The forensic uses are about provenance, not identification:

• Heroin origin. Distinguishing South-West Asian (Afghan-Pakistani-Iranian) opium from South-East Asian (Golden Triangle) opium by delta-13C and delta-15N of the seized morphine. Useful for NCB intelligence on trafficking routes into India.
• Cocaine origin. Andean cocaine source-zone mapping by carbon, nitrogen and hydrogen isotopes of the seized base.
• Steroid abuse. Sports doping discrimination of natural-versus-synthetic testosterone by delta-13C; pharmaceutical testosterone has a depleted 13C signature compared with endogenous hormone.
• Document and ink dating. Hydrogen and oxygen isotopes of ink solvents help bracket the age and source of a questioned document.
• Explosive provenance. Ammonium nitrate batches and TNT can sometimes be traced to a manufacturing region by their nitrogen and hydrogen isotopes.

IRMS instruments are rare in Indian forensic practice (BARC, NPL Delhi and a handful of CSIR labs run them); operational forensic deployment is via collaboration rather than in-house at most state SFSLs.
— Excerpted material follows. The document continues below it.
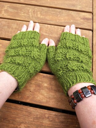 Beautifully warm fingerless mitts with a cute almond pattern all the way around. The thumb gusset is worked in stocking/stockinette stitch.

ICP-MS couples an inductively coupled argon plasma (the ionisation source, running at 6,000 to 10,000 K) with a quadrupole mass spectrometer. The sample is nebulised into the plasma, atomised, ionised to singly charged cations, then mass-resolved. The technique returns the elemental composition of a sample with detection limits in the parts per trillion range for most metals, three to four orders of magnitude lower than ICP-OES.

Forensic applications:

• Gunshot residue (GSR). Quantitation of lead, antimony and barium on hand swabs and clothing, complementing the SEM-EDX particle morphology test.
• Glass fragments. Trace-element fingerprint (Sr, Zr, Ti, Hf, La, Ce, rare earths) of float-glass shards, lets an analyst match a fragment from a suspect's shoe to a broken window from a specific batch.
• Toxic-metal poisoning. Arsenic, thallium, mercury, lead and cadmium in viscera, hair and nails. Hair-segment analysis can reconstruct a multi-week exposure history.
• Soil and geochemical provenance. Rare-earth-element fingerprints in soil clods from a suspect vehicle, matched to a crime scene.
• Counterfeit currency and coin metallurgy. Multi-element profiling of suspect coins or coated paper.

The Indian anchor: the CFSL Chandigarh trace-elements division runs ICP-MS for GSR and glass casework; CFSL Hyderabad and NFSU Gandhinagar each operate Agilent / PerkinElmer / Thermo ICP-MS systems for casework and research.